My parents fly the flag on romance for me…For as long as I can remember, my parents have always made the romance in their marriage a priority and no it was not easy because from the first day they met, they had four children and as they went along my brother and I added to the brood (not quite the environment for romance!). Needless to say my parents had to be creative and make a conscious effort to make time for their love affair with each other…any they did. I remember when I was younger how my dad would take my mum away for their wedding anniversary, her birthday and then she would for his, and vacations too! As a child I did not understand why they would go on holiday without us, even on the occasions when they would only go out for a night (dinner and stay over in a nice hotel). However now I am older and I understand the vital importance of romance in a relationship. I am really grateful to my parents for this powerful example of this key ingredient (romance) in keeping the fire burning in relationships.

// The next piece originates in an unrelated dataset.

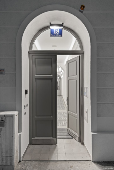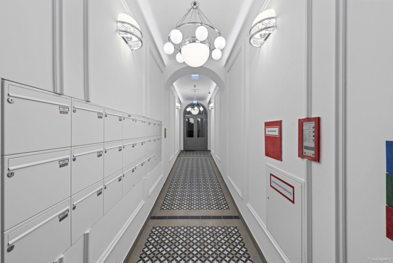 Der erste Eindruck lässt sofort erkennen, mit welcher Sorgfalt dieses Projekt umgesetzt wurde: Ein repräsentativer Entrée-Bereich mit kunstvollen Stuckelementen, indirekter Beleuchtung und dezent untermalter klassischer Musik empfängt Bewohner und Gäste gleichermaßen stilvoll. Die Gemeinschaftsflächen sind mit handverlegten Zementfliesen, typisch für die Wiener Altbauära, gestaltet – ein Detail, das die besondere Atmosphäre des Hauses zusätzlich unterstreicht.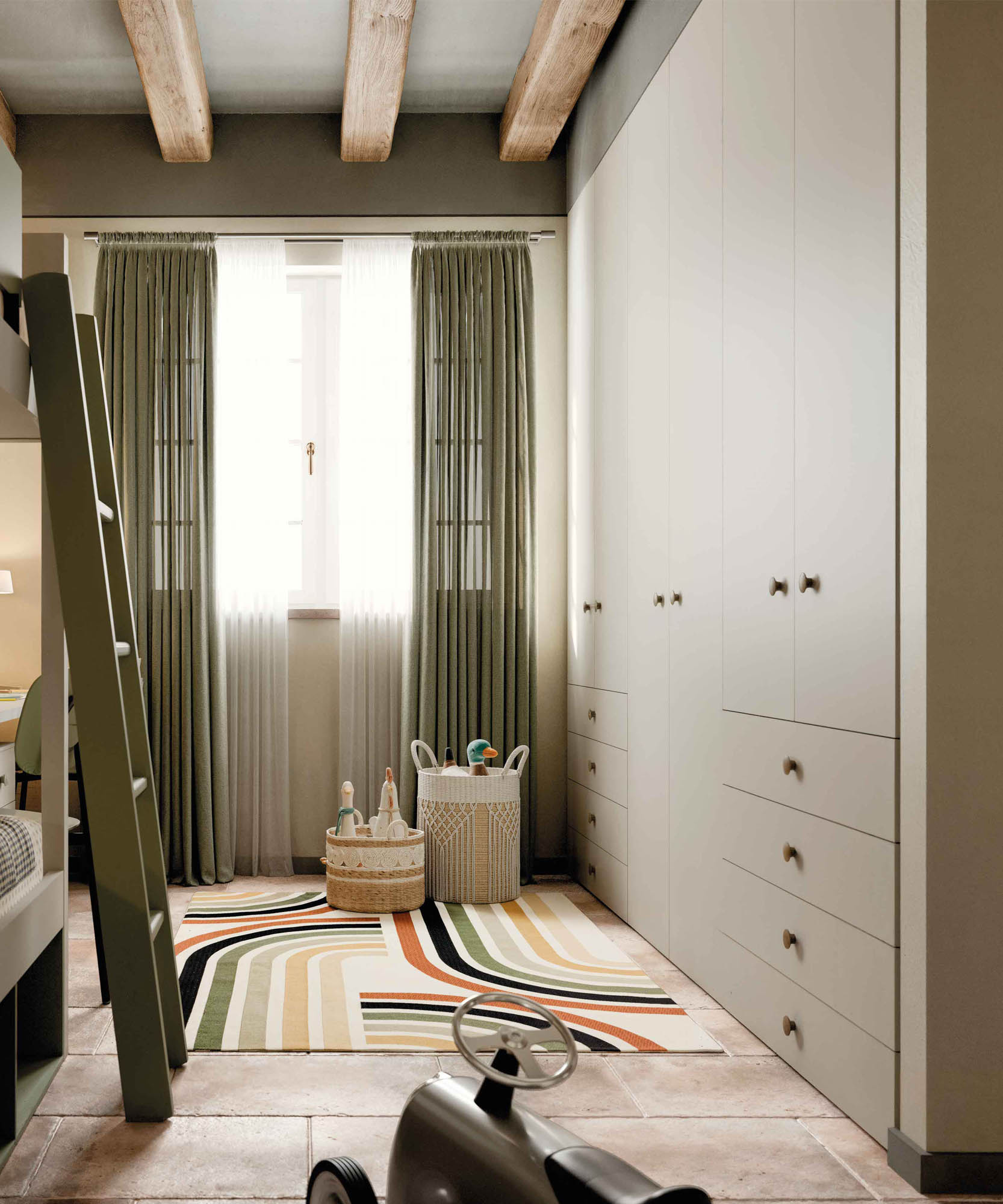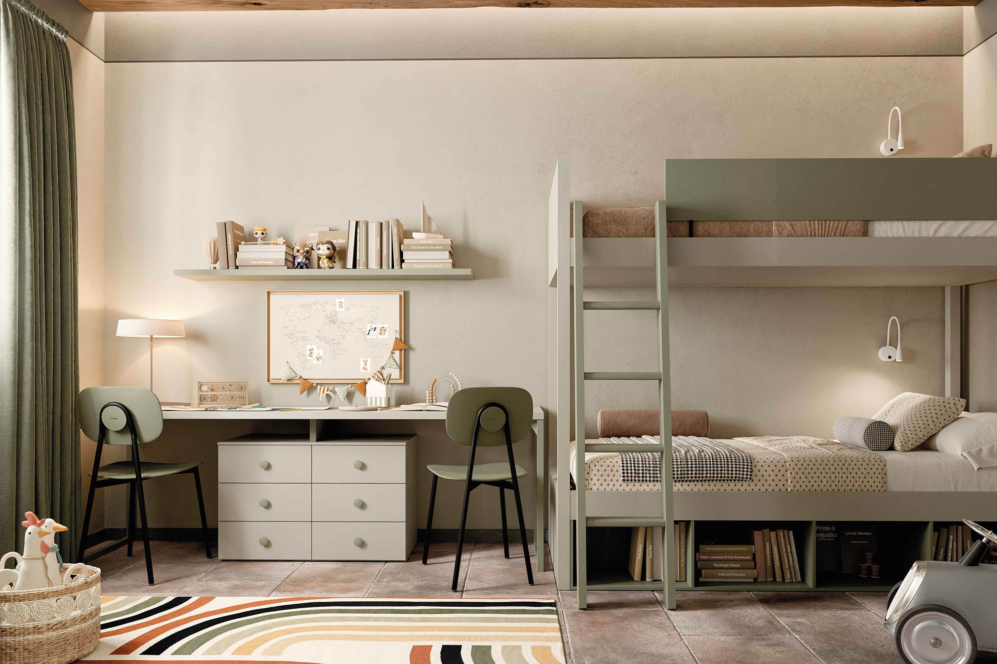 Una cameretta pensata per crescere insieme a chi la vive, dove ogni elemento è studiato per unire comfort e praticità. L’ampio armadio a 6 ante con doppia cassettiera organizza al meglio lo spazio, mentre il letto a castello in nobilitato, con salita frontale e protezione, crea una soluzione dinamica e funzionale. La libreria integrata e la scaletta in tinta aggiungono praticità e continuità estetica. La zona studio, con scrittoio e cassettiere, completa l’ambiente offrendo uno spazio dedicato a studio e creatività. Disponibile su progetto e in diverse finiture, si adatta facilmente a ogni esigenza. Esclusi materassi, mensola e sedie.

Romance is not just the big expressions and vacations and gifts on particular days…no, my parents are both as involved and as committed as each other to keep the romance alive in their relationship. It is in their day to day lives; being considerate of each other, listening to and respecting one another, doing the little things that make the daily challenges of life and work seem less troublesome and more bearable. They support and encourage one another and work together as a team and I think that this is just as if not, more romantic than a getaway to an exotic location.
So romance is not for the rich with disposable incomes but for everyday people who study one another, grow together, learn how the other wants to be loved and make themselves available to love the other in that way… More than any, when it comes to living out your love, this is the greatest expression of romantic love and everything else is just the icing on the cake!

Thirty – one years on at the ‘ripe young age’ of 71, my dad this week planned a romantic getaway for my mum’s birthday (14th) and kept it a big secret! On Monday she told me that all he said was to take time off work because he was taking her away, and she sounded so excited and giddy not unlike a school girl with a crush, it was lovely to hear and I was so proud yet again at how my dad continues to woo and court my mum after all these years…I am therefore convinced that romance is not just for the pre-marital state of  courtship, but it is something that can be a part of a long lasting and committed marriage relationship if those involved give romance its rightful place in that relationship as my parents do. Furthermore, there is a need for every man to recognise that wooing the heart of a woman is a lifetime activity and not just a phase in the process of courtship; many a young man could learn a thing or two from my dad!